How to understand the following C# linq code that implements an algorithm to return all combinations of k elements from n
Can anyone elaborate on this code, or even provide a non-Linq version of this algorithm:
public static IEnumerable<IEnumerable<T>> Combinations<T>
(this IEnumerable<T> elements, int k)
{
return k == 0 ? new[] { new T[0] }
: elements.SelectMany(
(e, i) =>
elements
.Skip(i + 1)
.Combinations(k - 1)
.Select(c => (new[] {e}).Concat(c)));
}
The best way to understand this code is to read Eric Lippert's excellent serial:
- Production portfolio, part one
- Production Portfolio, Part II
- Production Portfolio, Part 3
- Production Portfolio, Part IV
- Production Portfolio, Part V
Basically, if we have IEnumerable
5 items, and we want to make all combinations of size 3, we need to produce the following:
{
// 50, 60, 70, 80, 90
{50, 60, 70}, // T T T F F
{50, 60, 80}, // T T F T F
{50, 60, 90}, // T T F F T
{50, 70, 80}, // T F T T F
{50, 70, 90}, // T F T F T
{50, 80, 90}, // T F F T T
{60, 70, 80}, // F T T T F
{60, 70, 90}, // F T T F T
{60, 80, 90}, // F T F T T
{70, 80, 90} // F F T T T
}
Eric's recursive implementation:
// Takes integers n and k, both non-negative.

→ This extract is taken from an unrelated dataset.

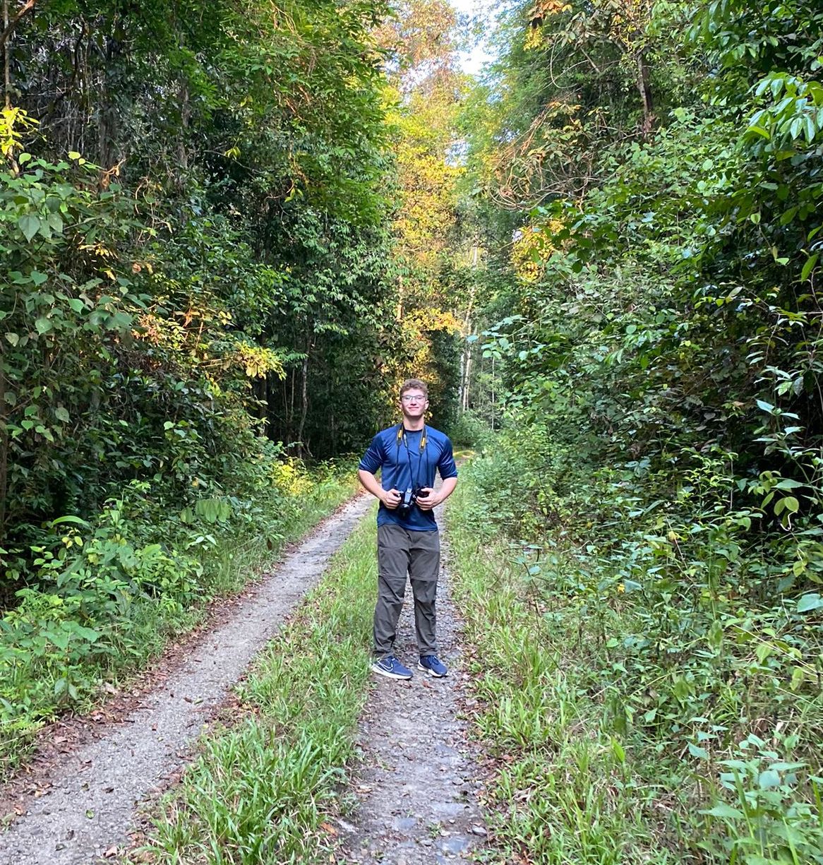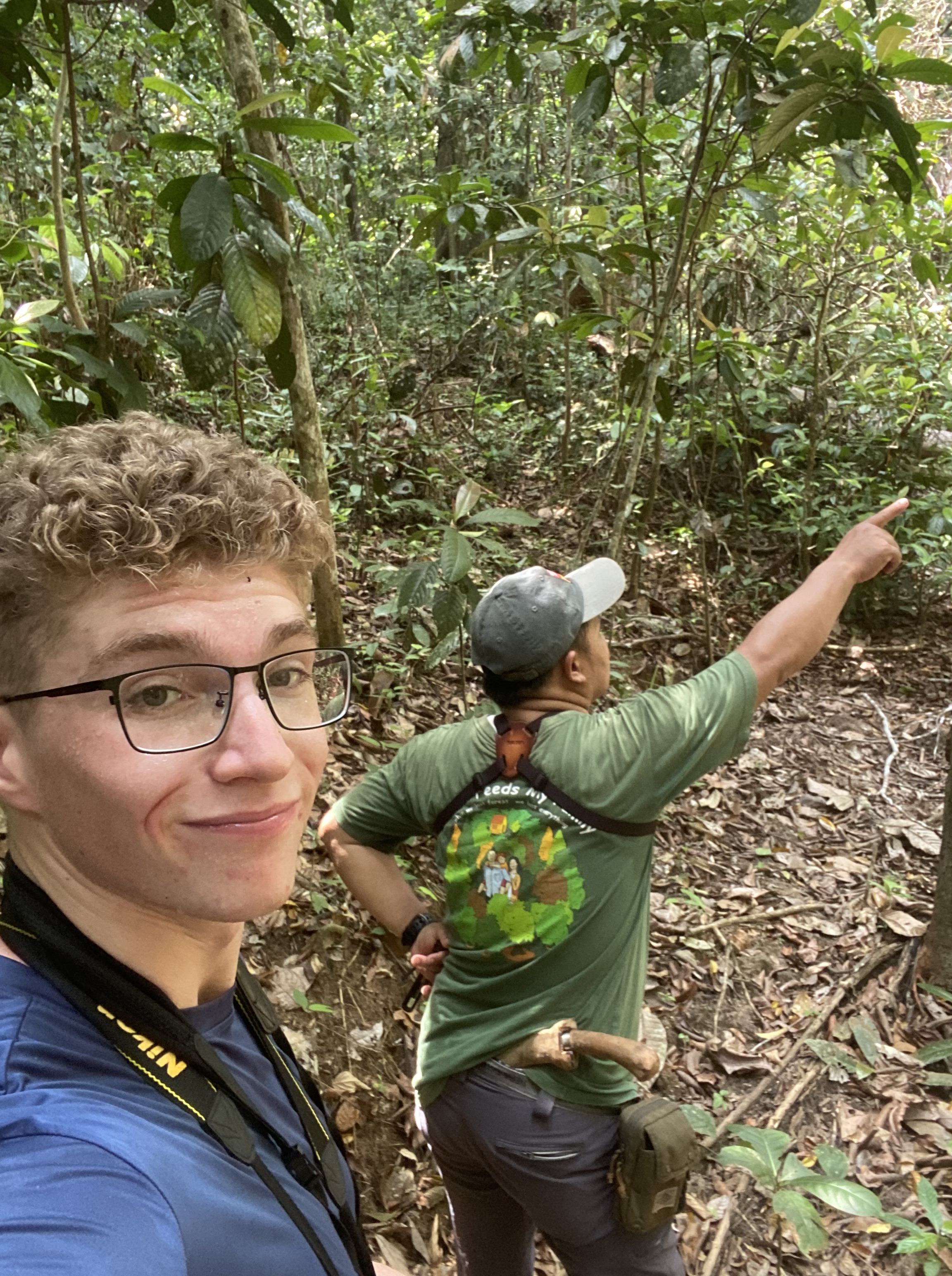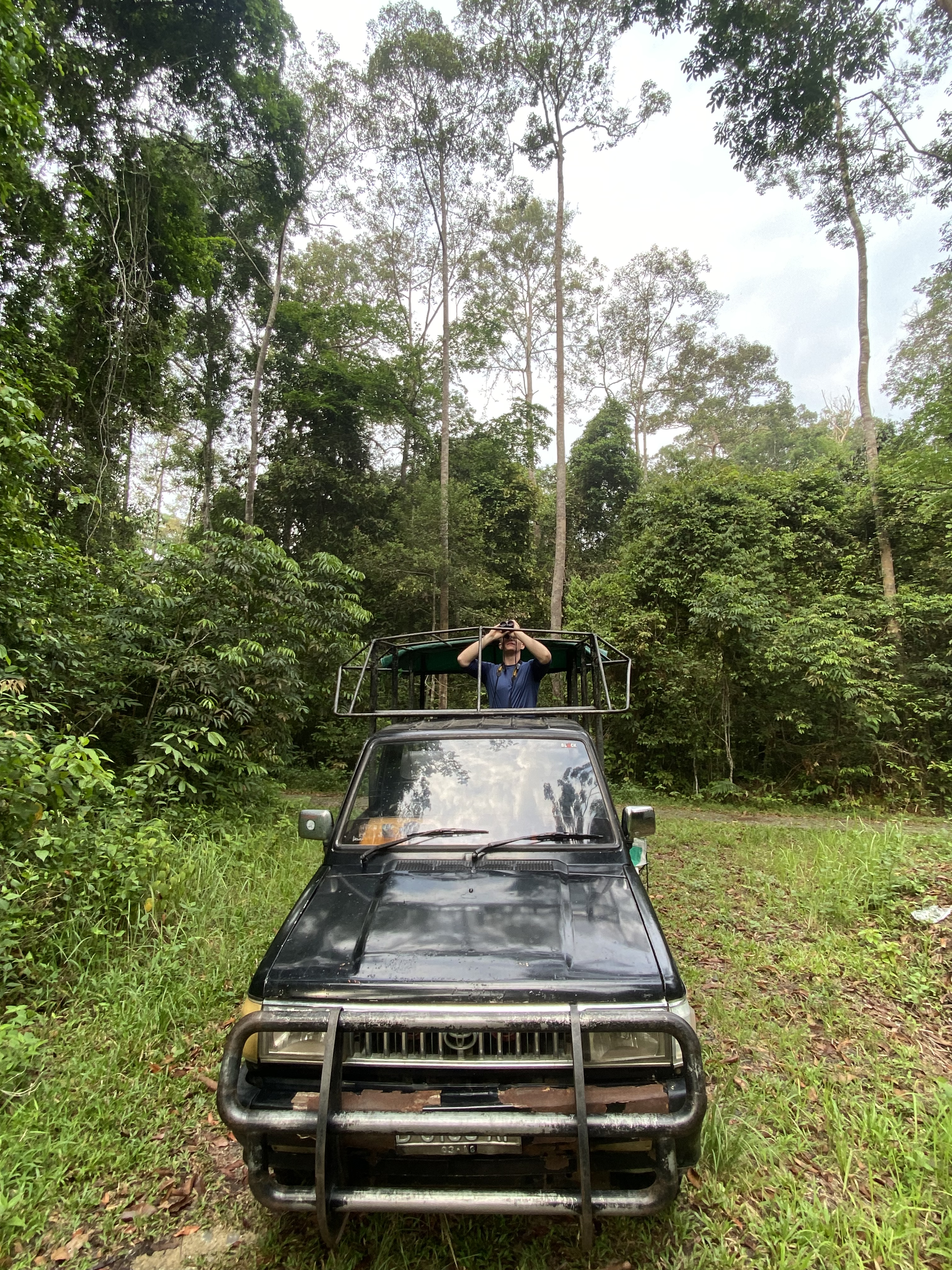 It was about 8pm on the evening of Day 4, about 3km from the Way Kanan Substation. Hari and I got out of the car for one last attempt at finding a Pen-tailed Treeshrew (a spectacular small mammal that unfortunately eluded me on this particular trip). We heard loud crashing noises about 50m into the forest right next to the car, which Hari correctly identified as a Sun Bear ripping apart a beehive. We tried to pinpoint the exact location of the noises for about ten minutes, when suddenly we heard the bear walking toward us! For our own safety, Hari had us get back into the car as the animal approached, and turned off all lights. The huffing and crashing noises of the bear walking through the forest kept getting louder until they were only a few meters from the car.

// Produces all sets of exactly k elements consisting only of
// integers from 0 through n - 1.
private static IEnumerable<TinySet> Combinations(int n, int k)
{
// Base case: if k is zero then there can be only one set
// regardless of the value of n: the empty set is the only set
// with zero elements.
if (k == 0)
{
yield return TinySet.Empty;
yield break;
}
// Base case: if n < k then there can be no set of exactly
// k elements containing values from 0 to n - 1, because sets
// do not contain repeated elements.
if (n < k)
yield break;
// A set containing k elements where each is an integer from
// 0 to n - 2 is also a set of k elements where each is an
// integer from 0 to n - 1, so yield all of those.
foreach(var r in Combinations(n-1, k))
yield return r;
// If we add n - 1 to all the sets of k - 1 elements where each
// is an integer from 0 to n - 2, then we get a set of k elements
// where each is an integer from 0 to n - 1.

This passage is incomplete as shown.